2.7. JC-1 Assay for Mitochondrial Membrane Potential Analysis
The 30 × 10^3^ cells/well were seeded in an m-slide well with a high glass bottom. After 3 h of NUs treatment, cells were labeled with a JC-1 probe (Thermofisher, Monza, Italy) at 10 μg/mL concentration in a complete medium for 30 min RT protected from light. Then, cells were washed three times with PBS, and cell nuclei were stained with DAPI 1 µg/mL for 20 min RT. Cells were washed twice with PBS; the orange-red fluorescence, referred to as polarized mitochondria, and the green one, referred to as depolarized mitochondria, were detected, respectively, at ~590 and ~525 using the inverted confocal microscope.

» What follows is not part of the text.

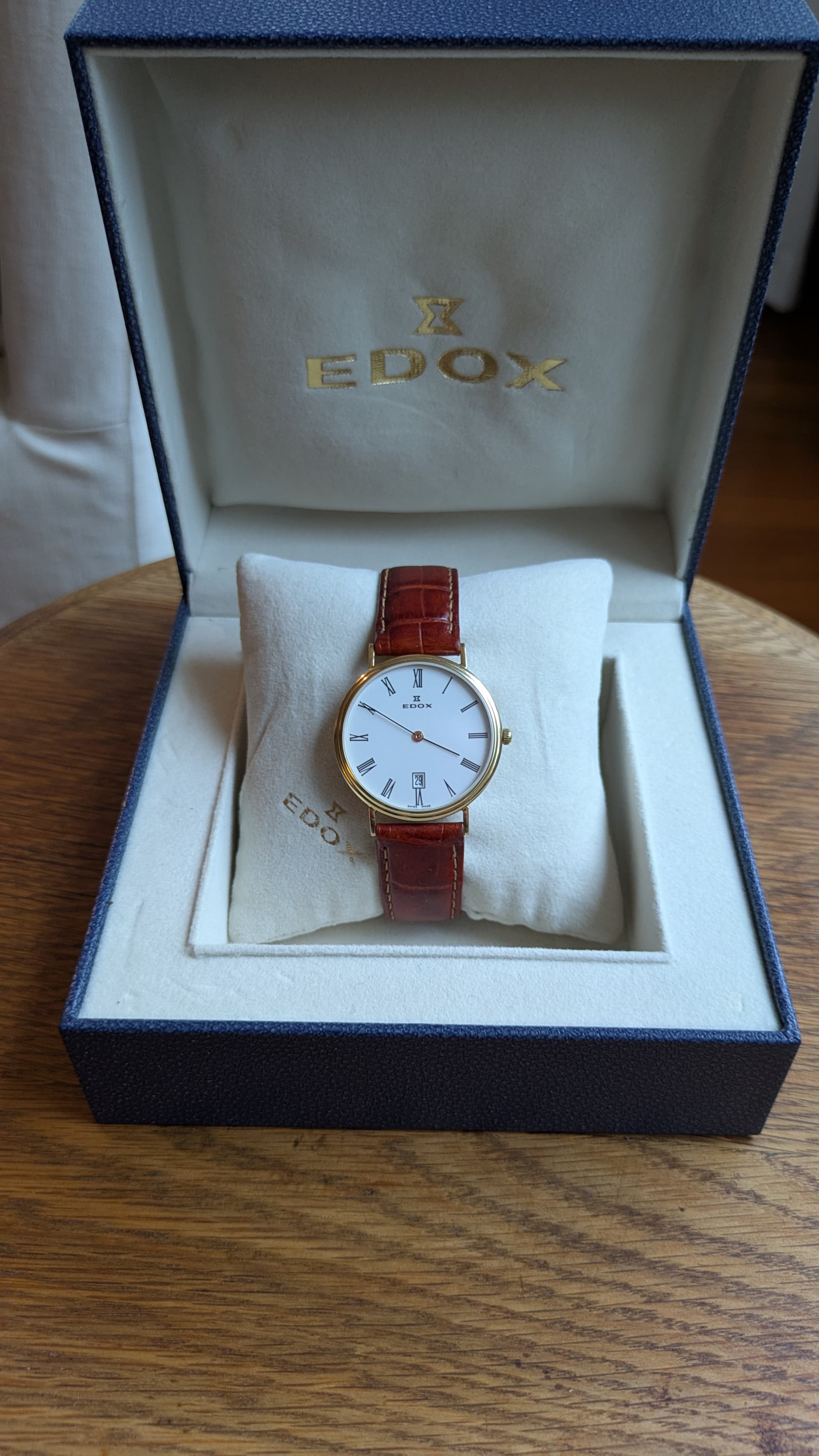 Het zou een Edox Les Genevez zijn maar online vinden we niet exact hetzelfde model. Het is een fullset dus mooi compleet. Hij wil het horloge graag verkopen en we zijn daarom op zoek naar een mooie waardering of adres waar we het kunnen aanbieden. Ik overweeg het hier op het forum aan te bieden maar twijfelen over de vraagprijs.

2.8. Seahorse Metabolic Flux Analyses
Seahorse analysis was performed as previously described in [24] using the Seahorse XF Mito Stress Test Kit (Agilent Technologies, Santa Clara, CA, USA) to assess the reliance of cells on oxidative metabolism. After 72 h of treatment with different doses of NUs, cells were counted, and 30 × 10^3^ cells/well were suspended in XF Assay Medium supplemented with 2 mM glutamine and seeded in XF96 Seahorse^®^ microplates (Seahorse Bioscience, Billerica, MA, USA) precoated with poly-D-lysine (ThermoFisher Scientific, Waltham, MA, USA). The plate was left to equilibrate in a CO_2_-free incubator before being transferred to the Seahorse XF96 analyzer. The pre-hydrated cartridge was filled with the indicated compounds and calibrated for 30 min in the Seahorse Analyzer. All the experiments were performed at 37 °C. Normalization of protein content was performed after each experiment. The Seahorse XF Report Generator automatically calculated the parameters from Wave data that were exported to Excel or GraphPad.
2.9. Western Blotting
Western Blotting was performed as described in [23,25]. The cells were lysed in RIPA lysis buffer (Merck Millipore, Vimodrone, Milan, Italy), and the proteins were separated using electrophoresis; equal amounts of protein in Laemmmli buffer were separated on Bolt^®^ Bis-Tris Plus gels 4–12% precast polyacrylamide gels (Life Technologies, Monza, Italy). Fractionated proteins were transferred from the gel to a PVDF nitrocellulose membrane using the iBlot 2 system (Life Technologies, Monza, Italy). Then, the membrane was probed at 4 °C overnight with primary antibodies diluted in a solution of 1:1 Odyssey blocking buffer/T-PBS buffer. The primary antibodies were rabbit anti-Alix (1:1000, Cell Signaling Technology, distributed by Euroclone, Milan, Italy), rabbit anti p62 (1:1000, Cell Signaling Technology), and rabbit anti-LC3a/b (1:1000, Cell Signaling Technology). After the incubation with the primary antibody, the membrane was washed in a T-PBS buffer and incubated for 1 h at RT with a goat anti-rabbit IgG Alexa Fluor 750 antibody or with a goat anti-mouse IgG Alexa Fluor 680 antibody (Invitrogen, Milan, Italy), and then visualized using an Odyssey Infrared Imaging System (LI-COR^®^ Bioscience, distributed by Carlo Erba, Milan, Italy). The rabbit anti-vinculin (1:1000, Cell Signaling Technology) was used to assess the equal amounts of protein loaded in each lane.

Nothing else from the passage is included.